Use the binary numbers in your diagnostic report to calculate the oxygen generator rating and CO2 scrubber rating, then multiply them together. What is the life support rating of the submarine? (Be sure to represent your answer in decimal, not binary.)

This part is very similar to the first part in how it is set up and the goal of determining most common or least common bits within each binary number.

Here is the code:

#include <iostream>
#include <fstream>
#include <bitset>
#include <vector>
#include <array>
using namespace std;

int main() {
  const int bits = 12; // 12 bit numbers
	
  vector<bitset<bits>> diagnostics;
  ifstream fin("text.txt");
  string line;
  while(fin >> line) {
	diagnostics.push_back(bitset<bits>(line));
  }
	
  bitset<bits> oxygen_generator_rating;

  vector<bitset<bits>> most_common(diagnostics); // avoid changing input by duplicating
  for(int i = bits-1; most_common.size() > 1 && i >= 0; i--){
	array<vector<bitset<bits>>,2> filtered;
	for(auto diagnostic : most_common){
		filtered[diagnostic[i]].push_back(diagnostic);
	}
	most_common = filtered[0].size() > filtered[1].size() ? filtered[0] : filtered[1]; 
	//if equal, keep 1
  }
  oxygen_generator_rating = most_common.at(0);
	
  bitset<bits> co2_scrubber_rating;

  vector<bitset<bits>> least_common(diagnostics); //avoid changing input by duplicating
  for(int i = bits-1; least_common.size() > 1 && i >= 0; i--){
	array<vector<bitset<bits>>,2> filtered;
	for(auto diagnostic : least_common){
		filtered[diagnostic[i]].push_back(diagnostic);
	}
	least_common = filtered[0].size() > filtered[1].size() ? filtered[1] : filtered[0];
        // if equal, keep 0
  }
  co2_scrubber_rating = least_common.at(0);
	
  // convert to unsigned long int
  cout << "Oxygen generator rating : " << oxygen_generator_rating.to_ulong() << endl;
  cout << "Co2 scrubber rating : " << co2_scrubber_rating.to_ulong() << endl;
  cout << "Life support rating : " << oxygen_generator_rating.to_ulong()*co2_scrubber_rating.to_ulong() << endl;
}

This solution duplicates the vectors into an array and filters through the lists of binary numbers determining each most common bit, or least common bit, and then eliminating the ones starting with a different digit.
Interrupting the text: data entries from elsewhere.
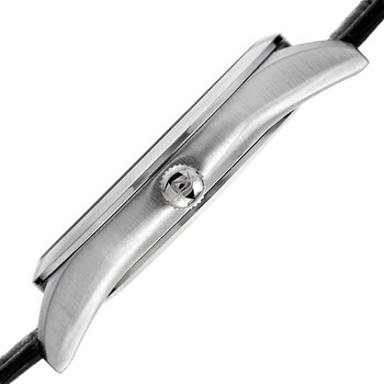 Silver-tone composite metal case with a black leather strap. Fixed silver-tone composite metal bezel. Silver dial with blue leaf-style hands and index hour markers. Minute markers around the outer rim. Dial Type: Analog. Three multi-function sub-dials displaying: date, day of the week and 24 hour. Quartz movement. Scratch resistant mineral crystal. Pull / push crown. Solid case back. Round case shape. Case size: 44 mm. Case thickness: 9.5 mm. Band width: 22 mm. Band length: 7.5 inches. Tang clasp. Water resistant at 30 meters / 100 feet. Functions: date, day, GMT, second time zone, hour, minute, second. Fashion watch style. August Steiner Quartz Silver Dial Black Leather Men's Watch AS8243SSBK.
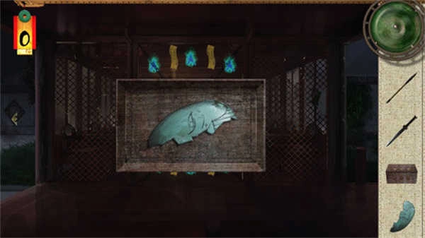 右側木桌得到空碗③和針灸書 依照針灸書 針刺掛畫正確位置得到魚飼料
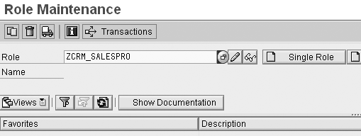 Figure 4 shows the initial screen for the creation of a new role ZCRM_SALESPRO. Note that a single PFCG profile can only be assigned to one Business Role. I have created a new PFCG profile here because I couldn’t use the PFCG profile already assigned to the Business Role I am copying.
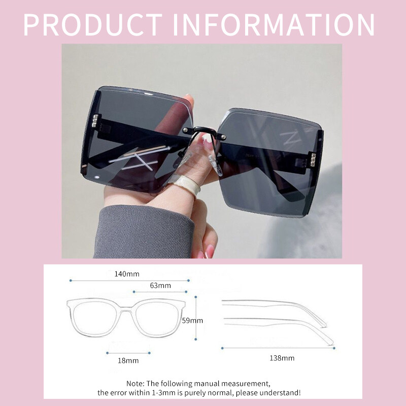 【Specification】 Product Name: Sunglasses Brand: PTQ Frame Type: Frameless Frame shape: Square Lens material: PC Frame material: PC Color: 4 Colors To Choose From Weight: 30g Style: Leisure Function: UV400
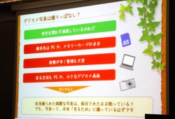 その上で荒木氏は、撮影した写真の整理が出来ていないと回答したユーザーが51.5%と半数以上に上り、その理由として最も多いのが「時間がない」という回答だったこと、また撮影した写真の保存もPCが多く、見ているのもPCの画面が圧倒的であることなどを紹介。「デジタル化によって、せっかく撮られた写真を見る機会が減ってしまっている」と述べ、「PCに保存されたまま眠っている写真を、家族で『見る』楽しみを引き出したい」と述べた。
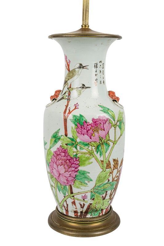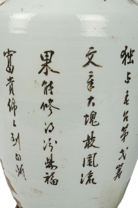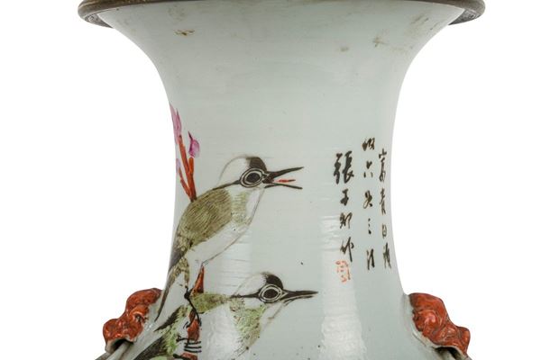 in porcelain, with floral and volatile decorations, bearing inscriptions in Chinese characters.
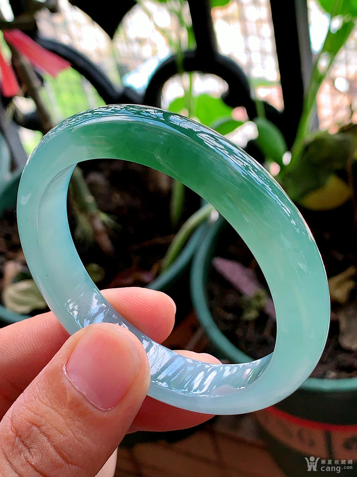 缅甸天然翡翠A货冰透水润飘花宽边手镯57圈口
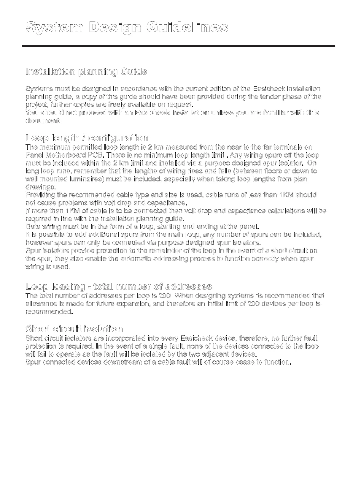 Systems must be designed in accordance with the current edition of the Easicheck installation

After filtering through the list and eliminating each binary number, once there is only one binary number remaining, the program sets the rating to the remaining binary number through a statement such as rating = array.at(0); which sets the rating of type bitset to the first binary number located within the array, which is also the only number remaining in the array.
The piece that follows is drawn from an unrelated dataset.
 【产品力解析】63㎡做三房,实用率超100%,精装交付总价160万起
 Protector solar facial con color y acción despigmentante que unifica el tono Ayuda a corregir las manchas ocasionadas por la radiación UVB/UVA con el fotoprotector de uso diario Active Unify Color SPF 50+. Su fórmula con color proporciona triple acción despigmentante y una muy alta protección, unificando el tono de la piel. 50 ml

Similarly to the first part, the output numbers are then converted to unsigned long integers and multiplied to obtain the solution to the problem.

Conditional Operator

The question mark that is visible in both solutions to both parts is known as the conditional operator. The conditional operator is highly useful in determining what happens if a condition is true or not, similar to an if statement, in a one line statement. This is typically utilized for conditions whose outcomes are typically simple such as setting a value or producing an output.

The syntax for the conditional operator is:

condition ? result_if_true : result_if_false

Conclusion

Advent of Code is a very fun event that only happens once a year similar to typical advent calendars. Having an Advent calendar of small programming puzzles for a variety of skill sets and skill levels that can be solved in any programming language is a fun little challenge that brings a lot of the coding community together in various different ways. Users can have private leaderboards to compare their scores with their friends as well as possibly making their way onto the global leaderboards. The Day 3 problems "Binary Diagnostic" were rather simple and can be solved in a variety of methods and these solutions could possibly be considered a "more advanced" way of solving the problem. Despite this, the logic of how the solutions are obtained is rather straightforward and can be applied in multiple ways that differ from this. I hope that you learned from this post of my code and can help in creating your own solution to the issue and grasp the concepts of what the code is doing to reach the end goal.